The Republican Agenda and Private Real Estate

Since President Trump is deep in private real estate, maybe there will be some good things coming to the industry during his administration. 

There were six major themes that President Trump campaigned on the most:

  1. Immigration and the wall
  2. Trade fairness
  3. Tax changes
  4. Healthcare changes
  5. Dodd-Frank changes
  6. De-regulation in general

Other than immigration, President Trump has proven himself to prefer to make policy through the 140 characters in Twitter, instead getting deep into the policy weeds. We need to look to Congress for a legislative blueprint, since President Trump does not seem to have one.

What does the Republican leadership in Congress want do? Specifically what do Paul Ryan in the house and Mitch McConnell in the Senate?

What can they convince the House and Senate to do? 

That is the big question right now with the American Health Care Act. The Republican house is torn between those who think the bill goes too far and those who think it doesn’t go far enough. Many campaigned on just the repeal part. Many others learned that what their constituents didn’t like about Obamacare is that is too expensive. The American Health Care Act only does one of those.

Speaker Ryan has promised a vote on the Republican healthcare bill on Thursday to coincide with the 7 year anniversary of the Affordable Care Act. We’ll see if Speaker Ryan is able to shepherd this very unpopular bill through the House and get enough votes.

Then what?

Most likely tax reform. Speaker Ryan published his “A Better Way” white paper in June of 2016. Unlike the American Health Care Act, legislators have been able to look at this already.
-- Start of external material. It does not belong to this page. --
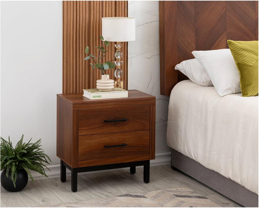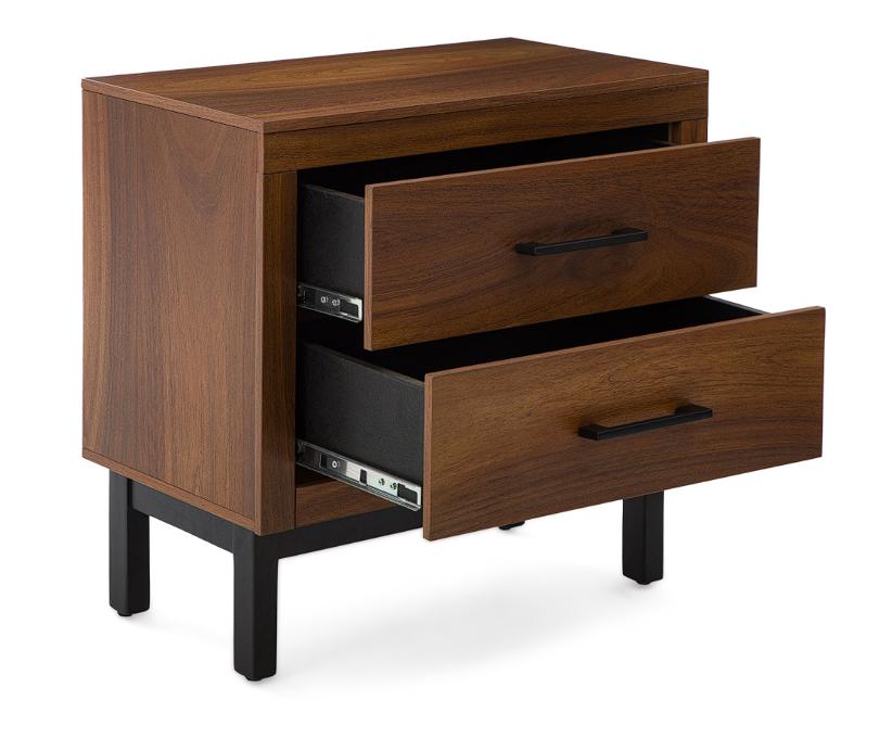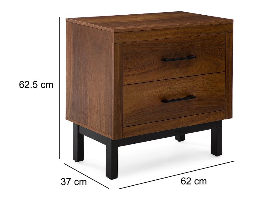 Está elaborado con madera industrializada de 12 mm con cubierta de melamina. Presenta dos cajones con jaladeras de metal y correderas tipo cisne.

Here are some of the highlights. 

  • Biggest change is the Border Adjustment Tax (unlikely to affect real estate directly.
  • Fewer tax brackets
  • Top rate of 33% for individuals 
  • Limit pass-through income from partnerships and LLCs to 25%
  • Lower corporate tax rate to 20%
  • Eliminate deductibility of interest expenses.
  • Individuals only taxed on half of their dividend and capital gains
  • Immediate cost recovery for investments instead of a depreciation schedule. (not clear on real estate)
  • Net Operating Losses can be carried forward and be adjusted for inflation
  • Eliminate the Alternative Minimum Tax,
  • Eliminate the estate tax
  • Eliminated Obamacare taxes (the last one is the healthcare bill)

President Trump mentioned removing favorable treatment of carried interest during the campaign. That is not Speaker Ryan’s blueprint. It’s been threatened before and survived.

After that, or during that, is financial de-regulation. Chairman Jeb Hensarling of the House Financial Services Committee has been working hard on his Dodd-Frank off-ramp for the last six years pushing bits of legislation through his committee and on to the House floor. The  Financial Choice Act has been floating around for a year and packages that work into one package.

“As the dust begins to settle on the post-crisis response, however, there has been a growing recognition that financial regulation has become far too complex and too intrusive and places too much faith in the discretion and wisdom of bank regulators.”

Here are some highlights:

  • Pitch is to help community banks.
  • Adjust capital requirements – removing Basel requirements
  • Make credit more available
  • New Bankruptcy code for financial institutions
  • Repeal FSCO’s Systemically Important Financial Institution designation powers
  • Reform Consumer Financial Protection Bureau
  • Federal Reserve Reform
  • Repeal the Volker Rule
  • Repeal Dodd-Frank registration requirements for private equity firms
  • Expand definition of accredited investor: Same income and net worth tests, but adds financial services experience or some sort of qualifying experience.

As much as the Republicans are campaigning against de-regulation the Financial Choice Act does not define “private equity firms” and requires the SEC to promulgate a new regulation to define it. SEC registration was on the edge during Dodd-Frank, The house version of the bill and the Senate version of the bill took opposite approaches on whether to subject private equity firms to SEC registration. During hearings, private equity kept being equated to leveraged buyouts that bankrupted companies and put people out of work to enrich corporate raiders.

 

I presented the above to PartnerConnect East 2017 yesterday.